Para Azevedo W. (2009, p. 7/9):

Nada no ambiente digital se manifesta de forma separada, não há reintrodução de elementos caógenos ou redundantes, tudo é fruto de uma escritura programada, uma escritura expandida. [...]

A poesia como objeto de uma cultura impressa e escrita do ponto-de-vista estético sempre nos pareceu algo pronto, encadernado, com capa dura, número de páginas definido, ou seja, todo um processo de editoração por trás deste objeto que possui gênero, estilo e significado e cuja resposta muitas vezes não se acha apenas lendo-o. O novo leitor da poesia digital tem de incorporar a desordem que se faz em seu próprio dispositivo, as sucessivas mudanças que envolvem uma rapidez cognitiva, mudando a hierarquia de sua sintaxe. Isso mobilizou os estudos da poética para formular categorias. Nem do lado do autor, nem do leitor – sem se questionar se estes dois elementos ainda existem neste ambiente – há significados prontos, que mesmo determinados por uma programação, deixam escapar em suas relações hipertextuais todo o sentido de credibilidade e registro para que possa ser validado. Analogamente à comparação feita por Azevedo W. entre a poesia impressa e a poesia digital, a aula “falada e analógica”, se comparada à experiência da aprendizagem digital, enseja a mesma discussão sobre a não existência de significados prontos. Neste novo

paradigma expandido, o aprendiz é, na verdade, cocriador da aprendizagem, no mínimo, e talvez um coprofessor.

A ideia de uma linguagem evolutiva em expansão pode ser notada pela articulação das escrituras adotadas pelo software da cultura digital e de como, a cada dia, podemos elucidar que uma reformulação cultural do fazer poético e da produção do conhecimento não passa apenas pela escrita verbal, e sim pela composição de uma escritura que abarca signos imagéticos e sonoros que se encontram em um estágio de expansão. É inevitável considerar o avanço tecnológico como um dado para a escritura expandida, pois esta coloca em xeque a própria produção artística e o fazer poético dos últimos cem anos. (AZEVEDO W., 2009, p. 12)

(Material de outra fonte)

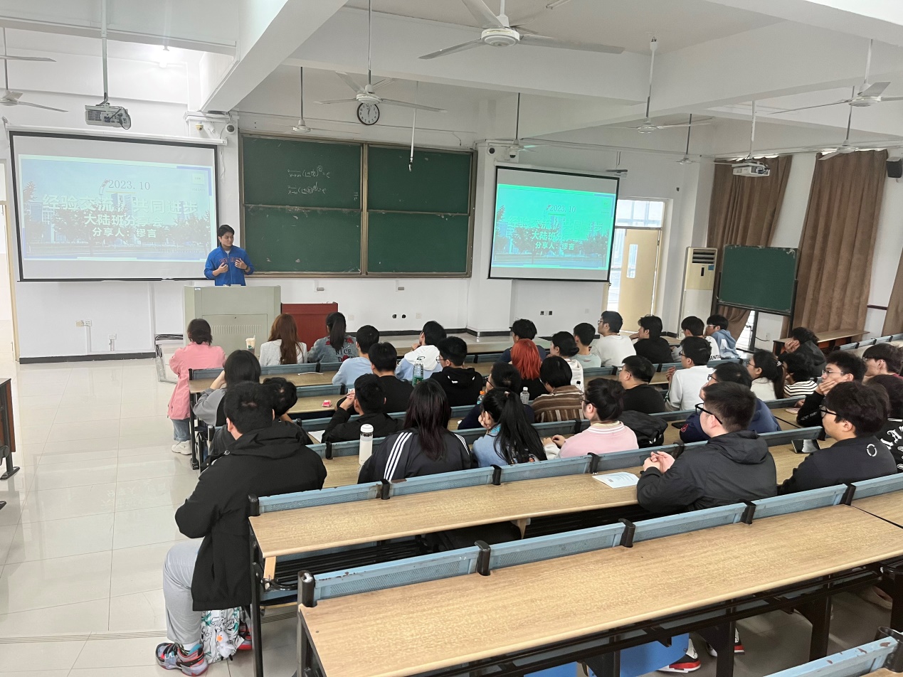 1011日中午,合肥學(xué)院大陸班優(yōu)秀畢業(yè)生繆言同學(xué)經(jīng)驗(yàn)交流會(huì)在38-3jt教室順利舉行。繆言同學(xué)作為16級(jí)優(yōu)秀畢業(yè)生,為20級(jí)、22級(jí)和23級(jí)大陸班同學(xué)分享了自己在本科,碩士階段學(xué)習(xí)和生活的經(jīng)驗(yàn),以及對(duì)博士階段的展望。
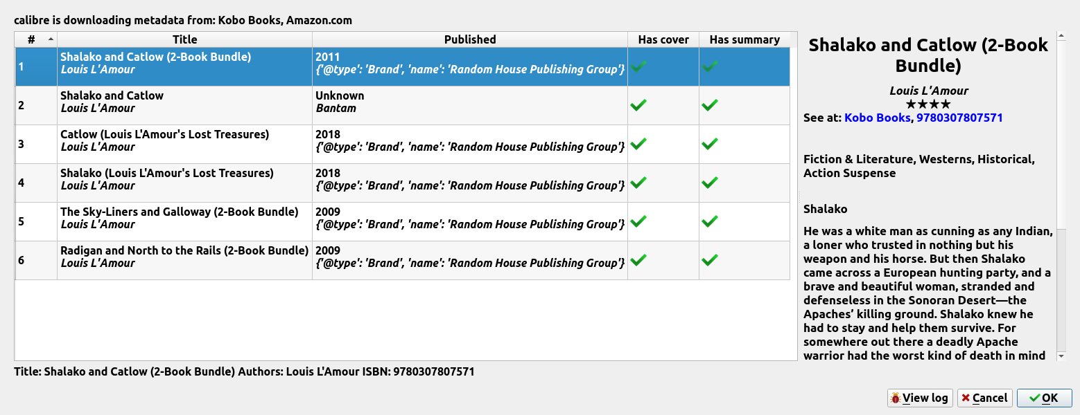 I am seeing some strange results when performing a "Download metadata" that I have never seen before. Prior to today, everything appeared normally. Now, all returns from Kobo result in the format shown in the screenshot below. Amazon/Google remain normal as displayed in two entries. I'm guessing Kobo has changed something on their end.
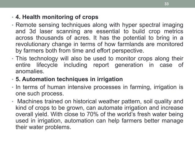 Pippal "Role of Artificial Intelligence in Agriculture: An Analysis and Advancements With Focus on Plant Diseases" IEEE 2023. [2] Robert G. de Luna, Elmer P. Dadios, Argel A. Bandala, "Automated Image Capturing System for Deep Learning-based Tomato Plant Leaf Disease Detection and Recognition," AI Image Analysis: Uses computer vision models to analyze crop images uploaded by farmers and detect signs of diseases. Environmental Data Integration: Considers environmental factors like temperature, humidity, and soil moisture to provide a more accurate disease prediction. Real-Time Alerts: Sends notifications to farmers about potential disease outbreaks in their fields.
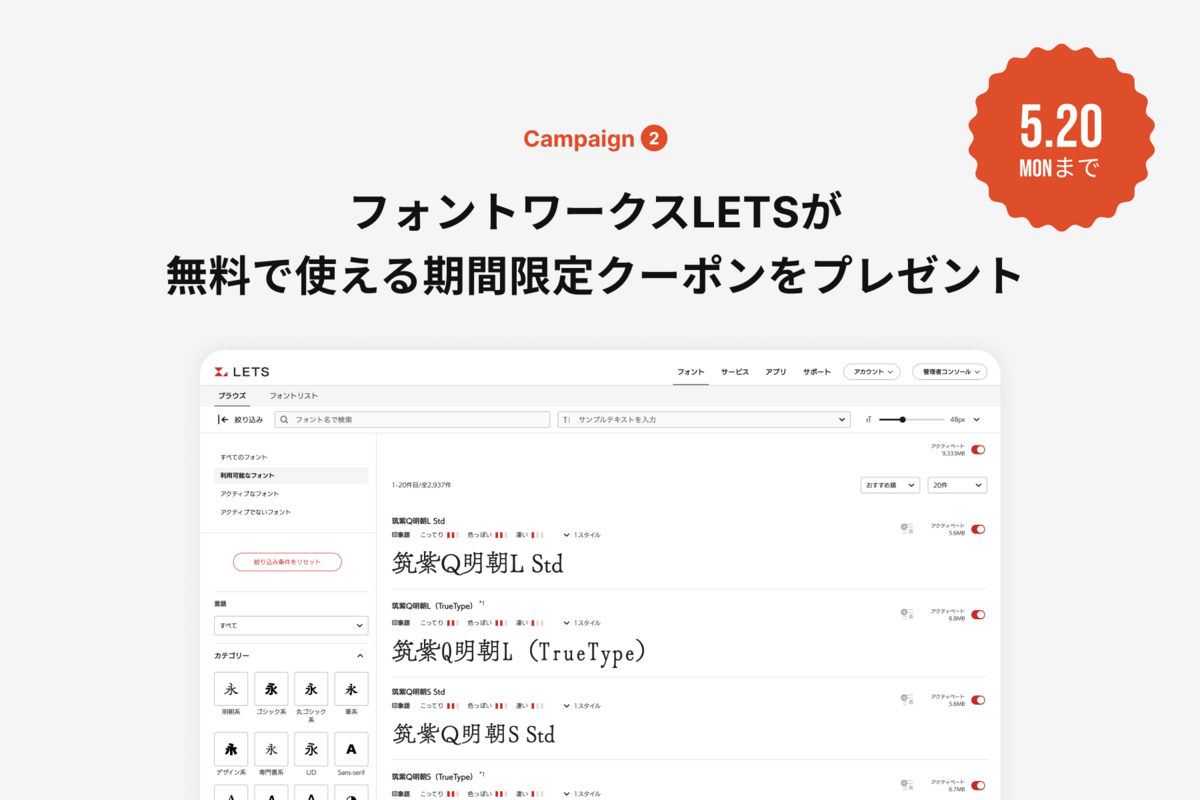キャンペーン2:「フォントワークスLETS」体験キャンペーン
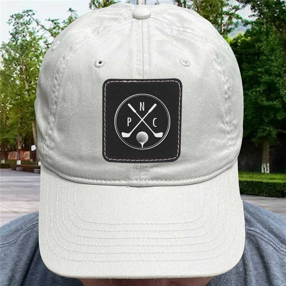 Sport our Personalized Monogram Golf Clubs Baseball Hat with Patch out on the course to keep the sun out of your eyes and to protect your head.
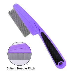 Flea Comb with Rubber Handle, Flea and Tick Comb for Dogs & Cats, Fine Tooth Dog Comb for Grooming (Purple)
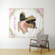 Fond de baby shower afro-américain avec une adorable petite fille afro-américaine avec un beau tutu rose et des perles sur une belle paire de chaussures à talons hauts dorées et un fond élégant rose et or. Ce fond de baby shower adorable est facilement personnalisable avec le texte de votre choix. Vous pouvez également changer la couleur de fond de cette bannière de baby shower ethnique.
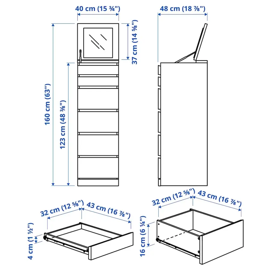 ИКЕА IKEA Конечно, ваш дом должен быть безопасным местом для всей семьи. Вот почему в комплект входит защитное крепление, чтобы вы могли прикрепить комод к стене. Встроенное зеркало. Под зеркалом есть отделение с войлочной подкладкой, которое идеально подходит для хранения ваших часов и украшений. Этот высокий комод дает вам много места для хранения, не занимая слишком много места. Оригинальная икея/ikea
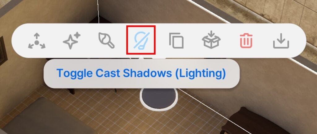 – 如何应用:默认情况下,此设置处于禁用状态。您可以通过在构建模式中选择所需的吸顶灯或落地灯来单独激活阴影

Além de colocar em xeque o fazer poético, o avanço tecnológico também coloca em xeque o fazer pedagógico, pelos mesmos motivos. A escritura expandida, que engloba tanto signos imagéticos como sonoros em expansão, influencia todos os processos de produção, comunicação, recepção, interpretação e assimilação de informações ou de conhecimento, quer seja na poesia, quer seja na educação.

Com isso, passamos a entender melhor que todo produto de uma operação hipermidiática tem sua origem nos processos de construção literária, bem como na sua característica de escritura, uma vez que seu modelo matemático no processo de simulação vai se expandindo – tanto na literatura como na hipermídia – tentando ocupar, cada vez mais, nos ambientes virtuais, uma escritura em movimento, sem começo, meio e fim, sem emissor e receptor predeterminado, sendo esta uma escritura de síntese digital, portadora de uma quase inteligência artificial. (AZEVEDO W., 2009, p. 42)

Nesta última afirmação, Azevedo W. adianta aquilo que talvez esteja na base da construção da chamada inteligência coletiva, ou seja, uma inteligência fluida, que não explicita começo, meio ou fim, pois se constitui da soma mais do que aritmética das inteligências de todos os seus cocriadores conectados em rede e se utilizando de uma escritura expandida para se comunicar ou significar sua participação.